CHAROTAR UNIVERSITY OF SCIENCE AND TECHNOLOGY Faculty of Technology and Engineering
M S Patel Department of Civil Engineering
CL 141 Engineering Mechanics Page 39
EXPERIMENT NO: 6 DATE: ___/___/_____
SUPPORT REACTIONS OF A SIMPLY SUPPORTED BEAM
Aim: To verify the conditions of equilibrium of a rigid body under the action of
coplanar non-concurrent, parallel force system with the help of a simply
supported beam.
Apparatus: Graduated beam, standard weights and hooks.
Theory: Parallel Force System: Forces which are acting parallel to each other in
direction are called parallel force system.

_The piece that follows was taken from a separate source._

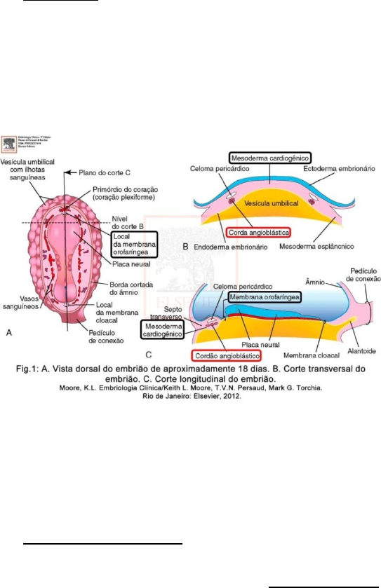 <p>Embriologia do Sistema Cardiovascular</p><p>O sistema cardiovascular é o primeiro a funcionar no embrião devido à necessidade de um método</p><p>eficiente de captação de oxigênio e nutrientes. O coração primitivo e o sistema vascular aparecem em</p><p>meados da terceira semana do desenvolvimento. O coração começa a bater entre o 22º dia e no 24º e</p><p>25º há a circulação do sangue.</p><p>1. Células precursoras cardíacas, origem, migração e especificação</p><p>Ao final da segunda semana de desenvolvimento o embrião é um disco bilaminar (epiblasto e</p><p>hipoblasto). Por volta do 15º dia ocorre o aparecimento da linha primitiva na região central e inferior</p><p>do embrião, por onde as células do epiblasto vão migrar e se colocar entre as células do hipoblasto</p><p>empurrando-as para formar o endoderma.</p><p>Mesoderma: o mesoderma intra-embrionário da origem a diversas estruturas segundo a sua</p><p>localização. O processo notocordal dá origem à notocorda, o mesoderma paraxial dá origem ao</p><p>mesoderma da cabeça e aos somitos, e o mesoderma da placa lateral dá origem ao mesoderma</p><p>cardiogênico.</p><p>O mesoderma da placa lateral se divide em mesoderma somático (superior) e mesoderma esplâcnico</p><p>(inferior).</p><p>A) Vista dorsal de um embrião com 18 dias</p><p>B)Mostrando os cordões angioblásticos no mesoderma cardiogênico</p><p>C) Relação dos cordões angioblásticos com a membrana bucofaríngea</p><p>Mesoderma cardiogênico: As células que vão formar o sistema cardiovascular (progenitoras</p><p>cardíacas) migram através da linha primitiva em direção a região superior (cefálica) do embrião e são</p><p>as primeiras células a migrarem, formam a meia-lua cardíaca* (área cardíaca primária). A partir do</p><p>endoderma e da mesoderma esplâncnica (esplancnopleura) surgem dois tubos endocárdicos. E a partir</p><p>do mesoderma paraxial, surgem as aortas dorsais esquerda e direita. O dobramento ventro-lateral traz</p><p>os tubos endocárdicos para a linha mediana ventral, onde estes irão se fundir, formando o tubo</p><p>endocárdico primitivo. E o dobramento céfalo-caudal irá posicionar a tuba posteriormente a</p><p>membrana bucofaríngea.</p><p>* A primeira indicação morfológica da futura região cardíaca é a cavidade pericárdica, em</p><p>forma de ferradura (também chamada de meia-lua cardíaca), que se desenvolve ventralmente ao</p><p>intestino anterior e à placa precordal.</p><p>2. Dobramento do embrião e formação do tubo cardíaco. Localização final do tórax (dobramento</p><p>caudal e lateral do embrião)</p><p>Os cordões angioblásticos, partem de cordões endoteliais, localizados no mesoderma</p><p>cardiogênico, na 3ª semana de desenvolvimento se canalizam para formar os tubos cardíacos, os quais</p><p>se fundem no final da 3ª semana para formar o coração tubular primitivo. Uma influência indutora do</p><p>endoderma anterior estimula o início da formação do coração. A morfogênese cardíaca é controlada</p><p>por uma cascata de genes reguladores e fatores de transcrição. Se a fusão das duas estruturas falhar,</p><p>duas estruturas semelhantes a um tubo se formam ao invés de uma, levando ao coração bífido.</p><p>À medida que o embrião se dobra lateralmente, os tubos cardíacos se aproximam e se fusionam</p><p>formando um tubo único. A fusão dos tubos cardíacos começa na porção cranial e se continua</p><p>caudalmente. O dobramento lateral une os tubos endocardiais e um dobramento cranial traz o tubo</p><p>cardíaco para a região torácica.</p><p>O miocárdio primitivo é formado do mesoderma esplânico que circunda o celoma pericárdio.</p><p>Nesse estágio, o coração em desenvolvimento é composto por um delgado tubo endotelial separado</p><p>de um espesso tubo muscular (o miocárdio primitivo) por um tecido gelatinoso, a geléia cardíaca. O</p><p>tubo endotelial se torna o revestimento endotelial do coração, o endocárdio, e o miocárdio primitivo</p><p>torna-se a parede muscular do coração, o miocárdio.</p><p>O epicárdio é derivado de células mesoteliais que se originam da superfície externa do seio</p><p>venoso. Quando ocorre o dobramento da região cefálica, o coração e a cavidade pericárdica passam a</p><p>se localizar ventralmente ao intestino anterior e cauldamente à membrana bucofaríngea.</p><p>Concomitantemente, o coração tubular se alonga e desenvolve dilatações e constrições alternadas: o</p><p>bulbo cardíaco (composto pelo tronco arterial, o cone arterial e o cone cordial), ventrículo, átrio e seio</p><p>venoso.</p><p>Dois processos contribuem para a localização final do coração no tórax:</p><p>1) Concomitante desenvolvimento do sistema nervoso e seu avanço em direção rostral</p><p>2) Fechamento longitudinal do embrião</p><p>A prega cefálica progressivamente transloca os tubos endocárdicos para a região torácica.</p><p>3. Composição, regionalização do tubo cardíaco, dobramento do tubo e defeitos congênitos</p><p>associados.</p><p>Tubo cardíaco:</p><p>- Endocárdio: revestimento interno</p><p>- Miocárdio: massa de progenitores cardiomiocíticos que revestem os tubos endocárdicos fusionados</p><p>(músculo cardíaco)</p><p>- Geleia cardíaca: camada espessa de MEC, depositada pelo miocárdio em desenvolvimento</p><p>- Epicárdio: camada mais externa- de onde se forma as artérias coronárias</p><p>Remodelação do tubo cardíaco:</p><p>Processo morfogênico complexo: bomba peristáltica formada por um único tubo e se</p><p>transforma em uma bomba de 4 câmaras, dois canais, valvas uni-direcionais, batendo</p><p>sincronizadamente</p><p>Aos 23 dias, o tubo cardíaco começa a se alongar e encurvar, dobrando-se para a esquerda.</p><p>Uma curvatura em forma de C é a primeira evidência morfológica da assimetria embrionária. O</p><p>dobramento ocorre principalmente na junção do bulbo cordis e ventrícu

Non-concurrent Force System: Forces whose line of action not meets at
a single point are called non-concurrent force system.
Beam : is a structural member having cross-sectional dimensions very
smaller than its length and is subjected to transverse loads (load acting
perpendicular to the longitudinal axis of the beam).
Beam is an example of Coplanar Non-concurrent Force System under
the equilibrium condition.
Analytical Conditions of Equilibrium for Coplanar Non-concurrent
Force System:
1. Algebraic sum of forces along X-axis must be zero. i.e. ΣH=0.
2. Algebraic sum of forces along Y-axis must be zero. i.e. ΣV=0.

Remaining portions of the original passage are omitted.